Figure 1. The temporal coverage of all news sources in my corpus.
Figure 1. The temporal coverage of all news sources in my corpus. Each horizontal band represents a news source, while the shading indicates the number of articles published per quarter.

For an experiment that I didn’t take very seriously, this viz actually isn’t too bad. It highlights several features of the data that are useful to know. Firstly, it shows that very few publications have been reporting on coal seam gas continuously since 2000. Nationally, there are The Australian, The Financial Review, Australian Associated Press, and Reuters News (these are not labelled on the graph, so you’ll have to take my word for it). In Queensland, there are the Courier-Mail, the Gold Coast Bulletin, and (to a lesser extent) the Townsville Bulletin. In New South Wales, there has been more-or-less continuous coverage from the Sydney Morning Herald, and somewhat patchier coverage from the Newcastle Herald. The long horizontal lines in Victorian part of the chart represent the Herald Sun and The Age.

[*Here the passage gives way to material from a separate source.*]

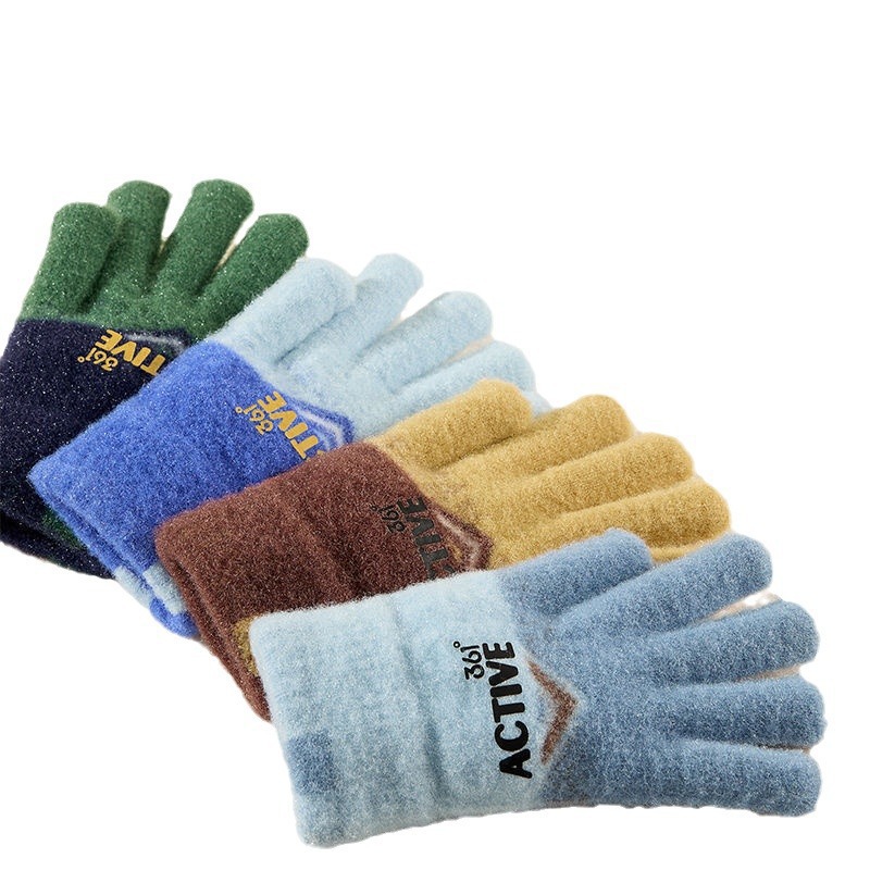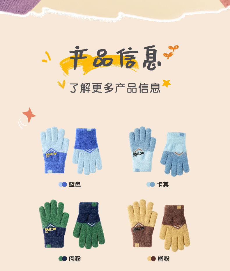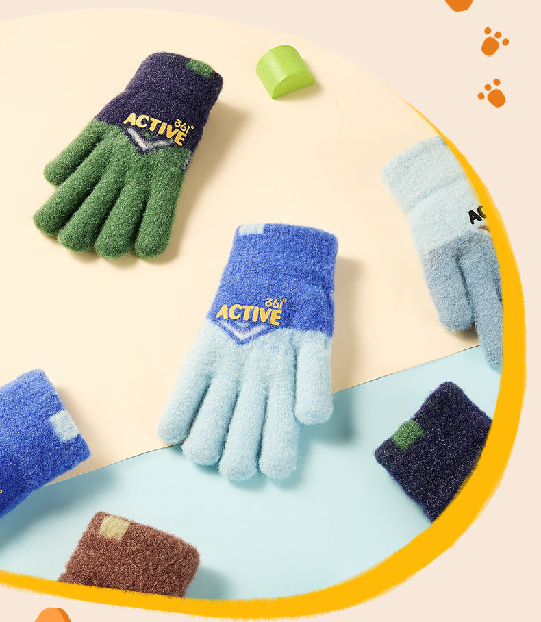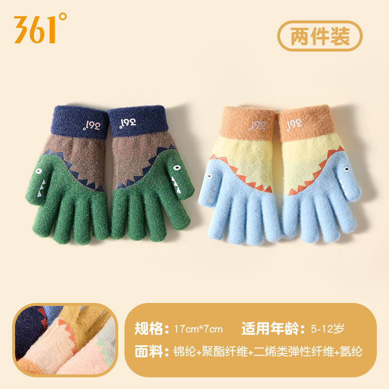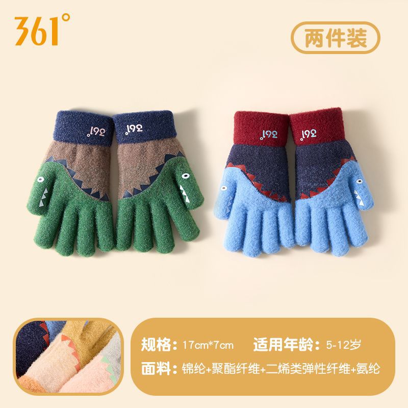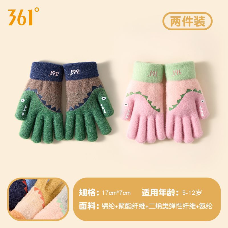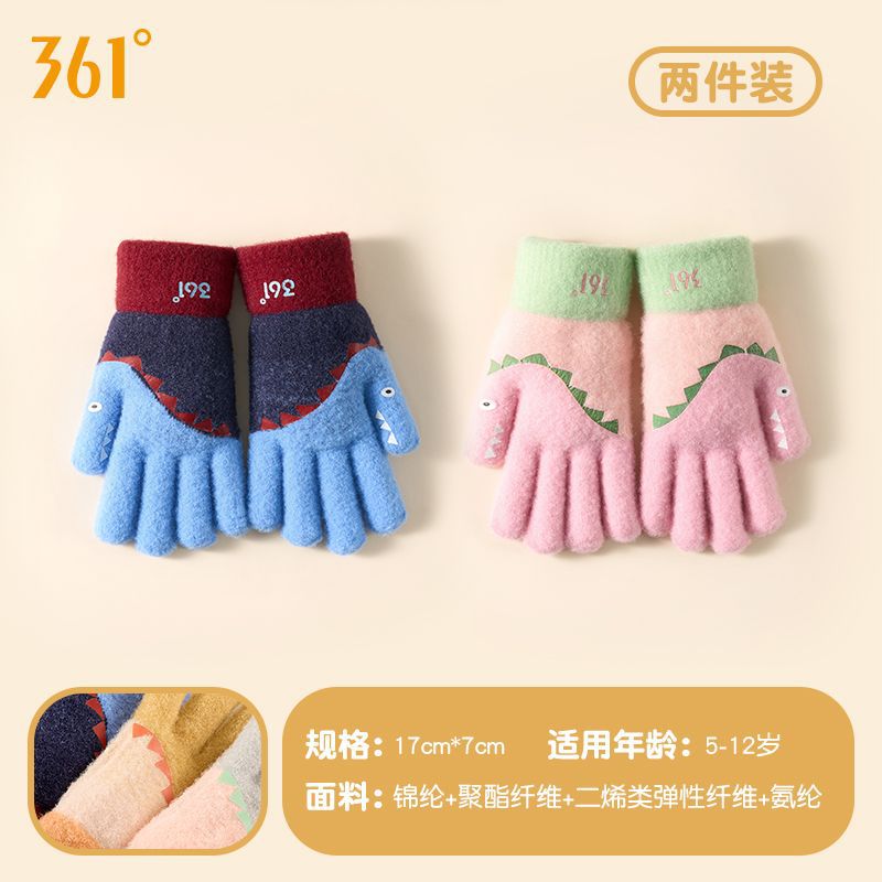 361儿童手套2024新款男女童秋冬季毛绒加厚户外防风保暖五指手套

Figure 1 also shows that the majority of Queensland sources began reporting on coal seam gas about two years ahead of sources in other states. And while some sources generally publish more articles than others, there are instances where specific sources are highly active for a short time. The dark spot in New South Wales in 2012 can be traced to the Northern Star, and to a lesser extent the Northern Rivers Echo, both from the Northern Rivers region. In Queensland, the Toowoomba Chronicle and the Queensland Country Life were very active between 2010 and 2012.

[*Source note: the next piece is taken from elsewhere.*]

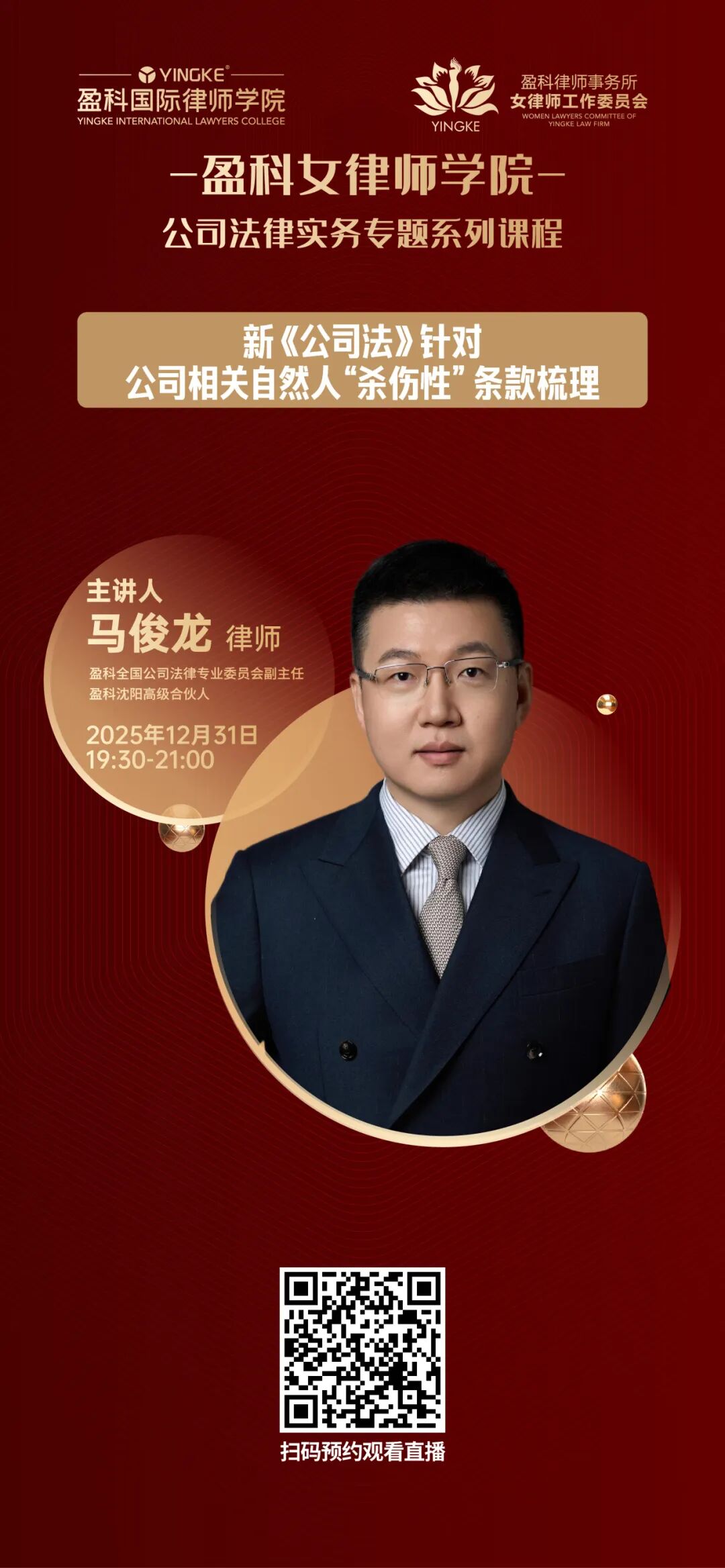 主讲人:马俊龙,盈科全国公司法律专业委员会副主任、盈科沈阳高级合伙人律师

Scanning vertically down the figure, we can see a few moments where a large number of sources were active all at once, at least in Queensland and New South Wales. To my eye, these moments occur towards the end of 2011, in the middle of 2013, and in New South Wales early in 2015 (from previous analyses, I know that this is when the state election was held). At these times, we can infer that there were topics being discussed that were of national or state interest rather than just local.

The really important thing about Figure 1, though, is that it reveals just how patchy my data is when broken down to individual sources. If I do compare individual sources over time, I’ll have to be careful about which ones I pick. More likely, I’ll want to aggregate the sources somehow. Local government areas are one possibility, but I’ve opted to go one level higher by linking the news sources to the SA4 regions defined by the Australian Bureau of Statistics. These regions tend to align with areas that people actually talk about, like the Darling Downs and New England.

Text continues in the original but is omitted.